Task directions:
Transcribe, starting at the line with "国家新闻出版署关于公布202" and ending at the line with "兵庫県姫路市にて、戸建て住宅", every line of the material below exactly, but leave out the pictures and anything outside that span.

Input material:
------

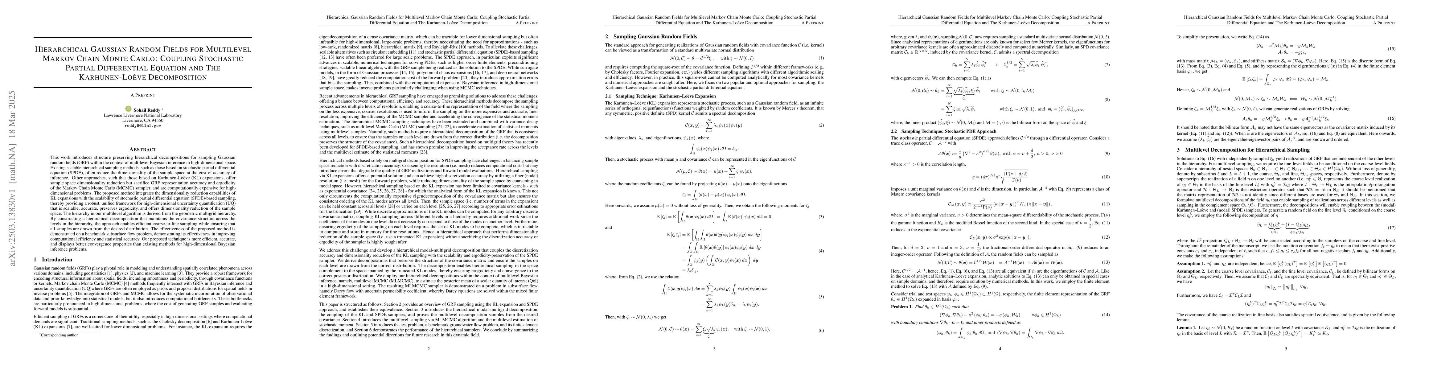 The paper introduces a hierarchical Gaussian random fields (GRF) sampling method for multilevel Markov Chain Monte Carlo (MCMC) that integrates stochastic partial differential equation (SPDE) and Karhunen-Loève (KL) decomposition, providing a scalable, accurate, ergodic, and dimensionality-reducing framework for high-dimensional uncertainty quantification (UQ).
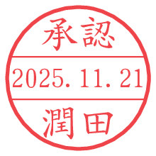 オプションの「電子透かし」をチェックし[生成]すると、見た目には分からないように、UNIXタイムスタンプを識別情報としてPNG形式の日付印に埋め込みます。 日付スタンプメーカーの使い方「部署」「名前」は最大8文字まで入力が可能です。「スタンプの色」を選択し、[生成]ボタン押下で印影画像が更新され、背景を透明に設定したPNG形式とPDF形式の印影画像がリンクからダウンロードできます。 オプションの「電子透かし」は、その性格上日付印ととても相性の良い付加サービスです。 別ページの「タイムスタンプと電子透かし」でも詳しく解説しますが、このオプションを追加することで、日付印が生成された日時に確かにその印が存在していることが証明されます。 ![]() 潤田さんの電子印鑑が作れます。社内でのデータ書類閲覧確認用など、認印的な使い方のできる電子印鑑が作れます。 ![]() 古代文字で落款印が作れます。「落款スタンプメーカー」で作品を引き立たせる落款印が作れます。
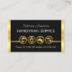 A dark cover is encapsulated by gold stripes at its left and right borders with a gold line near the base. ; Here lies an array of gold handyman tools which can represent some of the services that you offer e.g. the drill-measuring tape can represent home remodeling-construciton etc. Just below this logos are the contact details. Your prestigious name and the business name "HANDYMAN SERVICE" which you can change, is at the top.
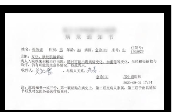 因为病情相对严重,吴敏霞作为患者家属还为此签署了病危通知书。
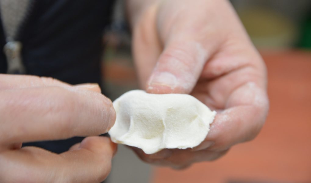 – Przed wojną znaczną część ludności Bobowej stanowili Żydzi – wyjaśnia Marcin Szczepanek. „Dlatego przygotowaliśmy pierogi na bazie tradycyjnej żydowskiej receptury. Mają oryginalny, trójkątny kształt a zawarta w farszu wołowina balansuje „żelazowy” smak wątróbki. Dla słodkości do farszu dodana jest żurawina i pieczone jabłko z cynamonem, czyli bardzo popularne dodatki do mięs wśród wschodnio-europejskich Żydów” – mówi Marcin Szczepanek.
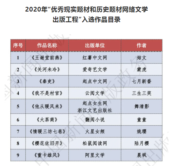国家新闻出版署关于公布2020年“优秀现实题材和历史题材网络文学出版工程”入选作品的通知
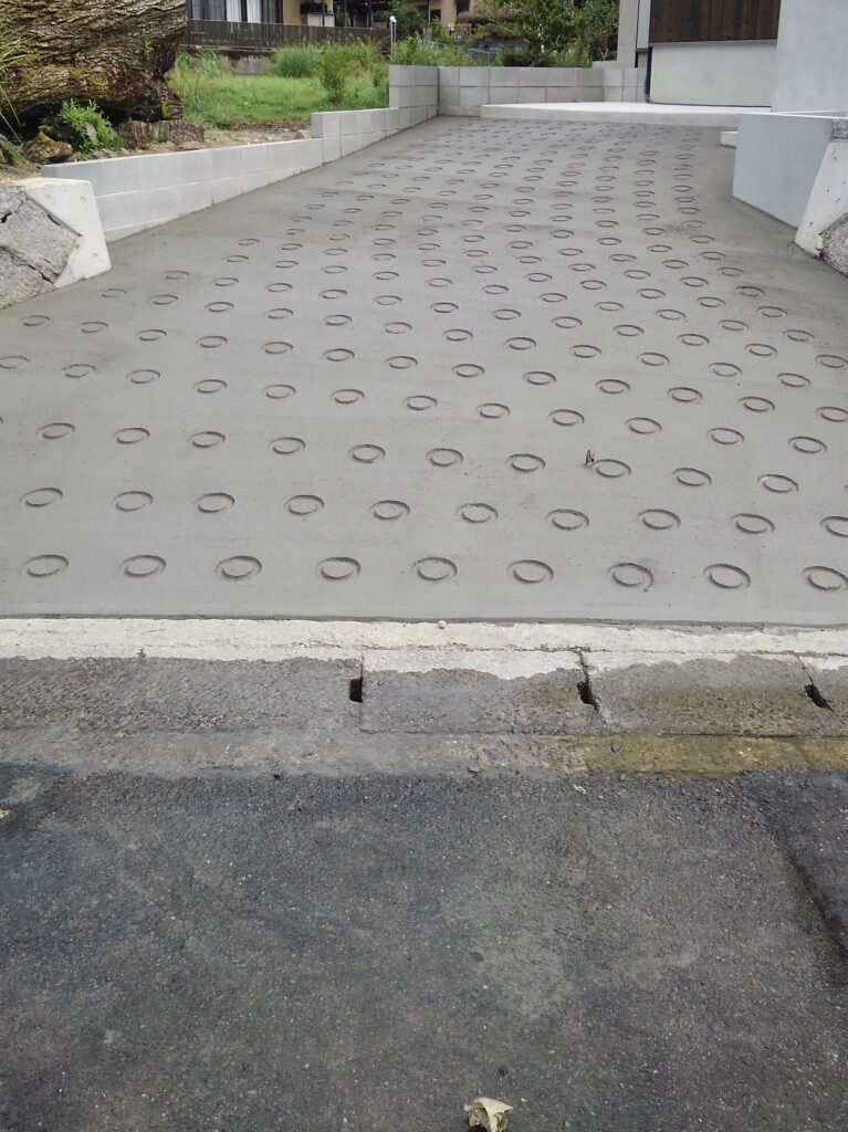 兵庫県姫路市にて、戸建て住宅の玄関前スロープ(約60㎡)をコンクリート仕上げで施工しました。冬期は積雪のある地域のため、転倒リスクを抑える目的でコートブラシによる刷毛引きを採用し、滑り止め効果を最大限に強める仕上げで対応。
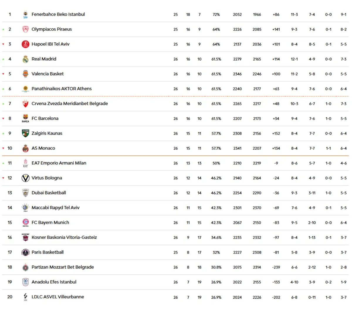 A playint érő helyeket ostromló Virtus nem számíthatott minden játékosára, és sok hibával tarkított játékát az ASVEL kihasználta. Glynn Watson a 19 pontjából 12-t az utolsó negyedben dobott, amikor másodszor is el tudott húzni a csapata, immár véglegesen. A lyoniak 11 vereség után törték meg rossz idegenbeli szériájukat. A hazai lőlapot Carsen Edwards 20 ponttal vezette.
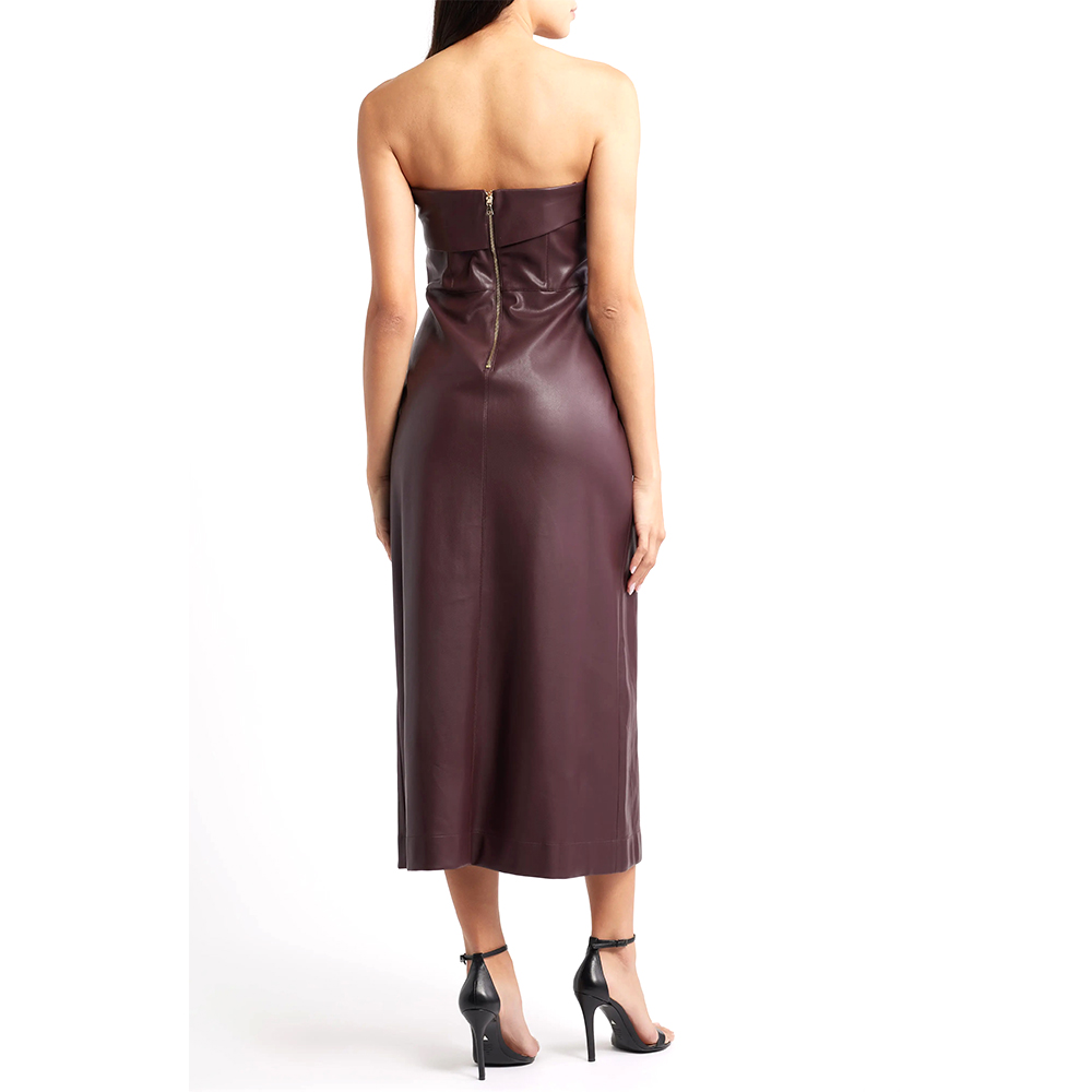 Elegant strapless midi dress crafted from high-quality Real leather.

------

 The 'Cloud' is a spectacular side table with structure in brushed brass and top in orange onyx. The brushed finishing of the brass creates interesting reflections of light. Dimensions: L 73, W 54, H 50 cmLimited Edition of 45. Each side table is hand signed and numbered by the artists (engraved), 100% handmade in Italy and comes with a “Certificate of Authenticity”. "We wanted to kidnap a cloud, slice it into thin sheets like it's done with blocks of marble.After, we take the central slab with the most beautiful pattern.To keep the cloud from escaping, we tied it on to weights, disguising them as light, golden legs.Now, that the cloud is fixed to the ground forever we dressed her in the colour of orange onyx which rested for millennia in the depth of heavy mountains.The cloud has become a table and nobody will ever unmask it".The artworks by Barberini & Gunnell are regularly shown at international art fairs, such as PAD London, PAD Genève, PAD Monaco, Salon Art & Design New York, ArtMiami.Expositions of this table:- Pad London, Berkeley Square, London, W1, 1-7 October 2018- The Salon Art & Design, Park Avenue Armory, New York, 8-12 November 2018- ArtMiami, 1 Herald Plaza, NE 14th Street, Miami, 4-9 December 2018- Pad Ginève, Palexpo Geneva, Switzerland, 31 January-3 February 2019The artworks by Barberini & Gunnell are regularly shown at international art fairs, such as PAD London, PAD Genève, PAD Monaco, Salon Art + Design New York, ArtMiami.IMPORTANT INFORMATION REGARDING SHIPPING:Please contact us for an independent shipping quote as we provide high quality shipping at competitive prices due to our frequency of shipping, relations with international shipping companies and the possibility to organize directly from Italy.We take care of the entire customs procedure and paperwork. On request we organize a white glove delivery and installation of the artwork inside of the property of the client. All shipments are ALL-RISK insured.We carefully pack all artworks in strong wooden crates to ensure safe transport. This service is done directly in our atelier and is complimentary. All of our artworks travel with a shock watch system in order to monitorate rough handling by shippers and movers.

------

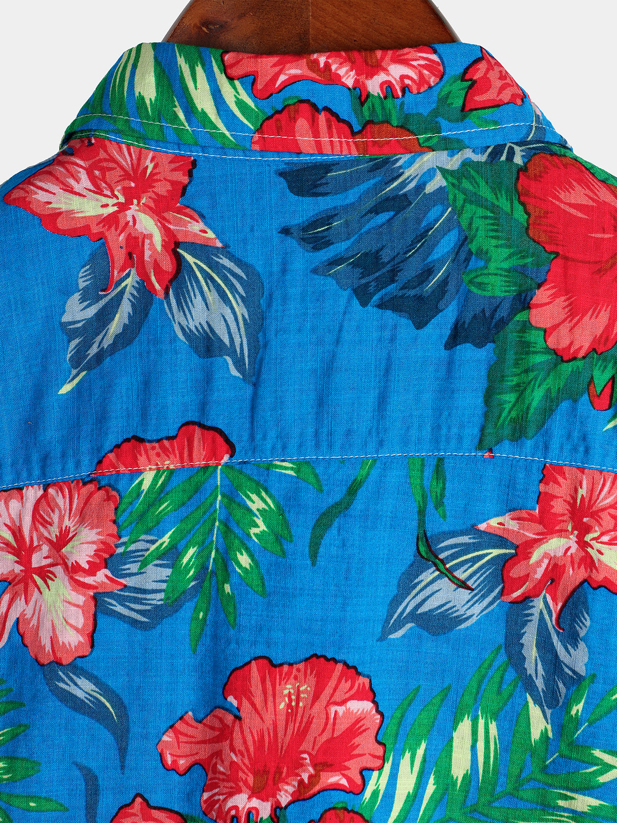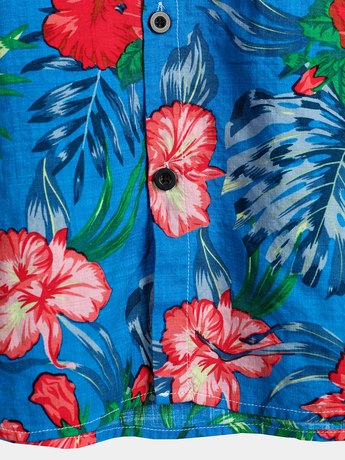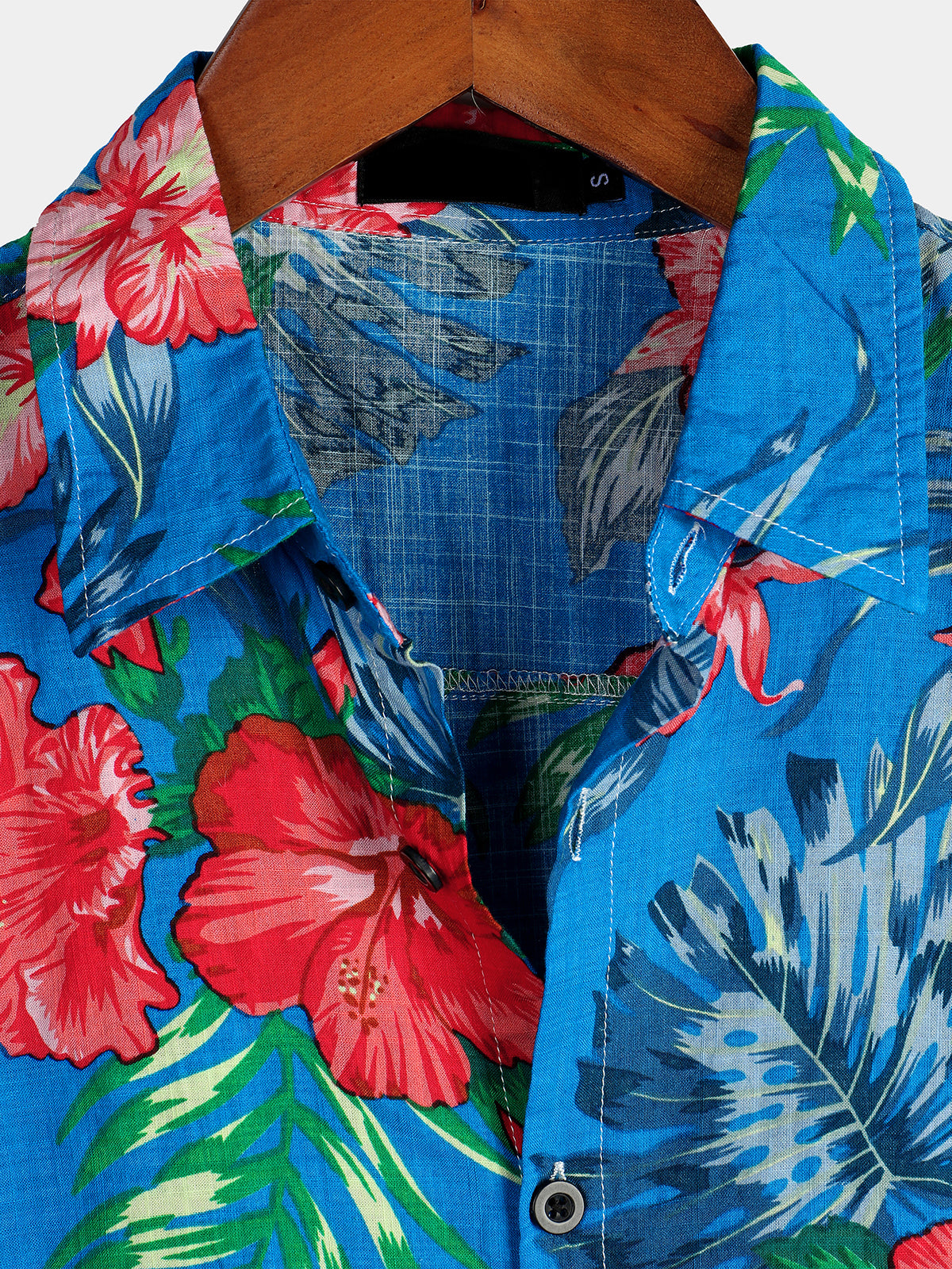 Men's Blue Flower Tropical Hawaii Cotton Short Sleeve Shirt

------

Response area:
国家新闻出版署关于公布2020年“优秀现实题材和历史题材网络文学出版工程”入选作品的通知
 兵庫県姫路市にて、戸建て住宅の玄関前スロープ(約60㎡)をコンクリート仕上げで施工しました。冬期は積雪のある地域のため、転倒リスクを抑える目的でコートブラシによる刷毛引きを採用し、滑り止め効果を最大限に強める仕上げで対応。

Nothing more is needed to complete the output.